VentFree: A Novel Abdominal Stimulator to Assist With Ventilator Weaning

NCT ID: NCT02224352

Last Updated: 2021-08-17

Basic Information

• Recruitment Status: UNKNOWN
• Clinical Phase: NA
• Total Enrollment: 54 participants
• Study Classification: INTERVENTIONAL
• Study Start Date: 2014-07-31
• Study Completion Date: 2022-03-31

Brief Summary

Background: Over one million patients in the US are estimated to undergo mechanical ventilation every year, and approximately 300,000 of them fail attempts at weaning. The morbidity and mortality of these patients is greater than in patients who are successfully weaned. It follows that treatments aimed at reducing the duration of mechanical ventilation have the potential to benefit society both in terms of human suffering and cost.
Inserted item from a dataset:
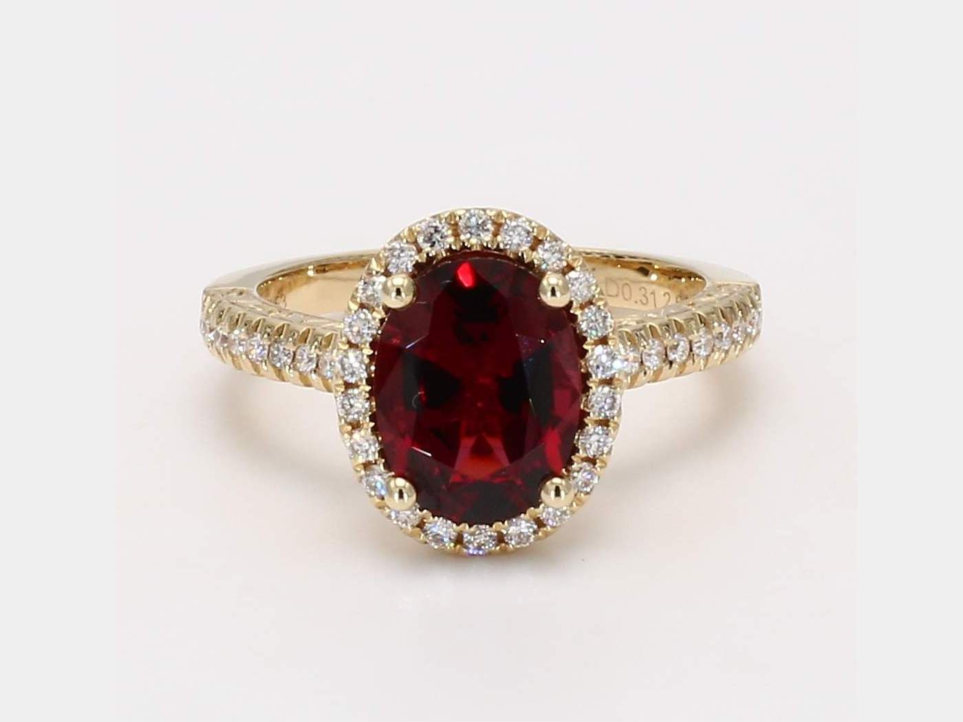 OVAL RED SPINEL & ROUND DIAMOND 14KY RING

Patients who fail attempts at weaning assist their inspiratory muscles during inhalation by recruiting their expiratory muscles during exhalation. Unfortunately, this recruitment occurs relatively late during a weaning trial. The knowledge that (a) expiratory muscle recruitment can assist inspiration, (b) the recruitment of the expiratory muscles is delayed during weaning, and (c) that the respiratory muscles in patients requiring mechanical ventilation are in a catabolic state raises the possibility that strategies designed to produce an early recruitment, and improve the strength, of the expiratory muscles could improve weaning outcomes in difficult to wean patients.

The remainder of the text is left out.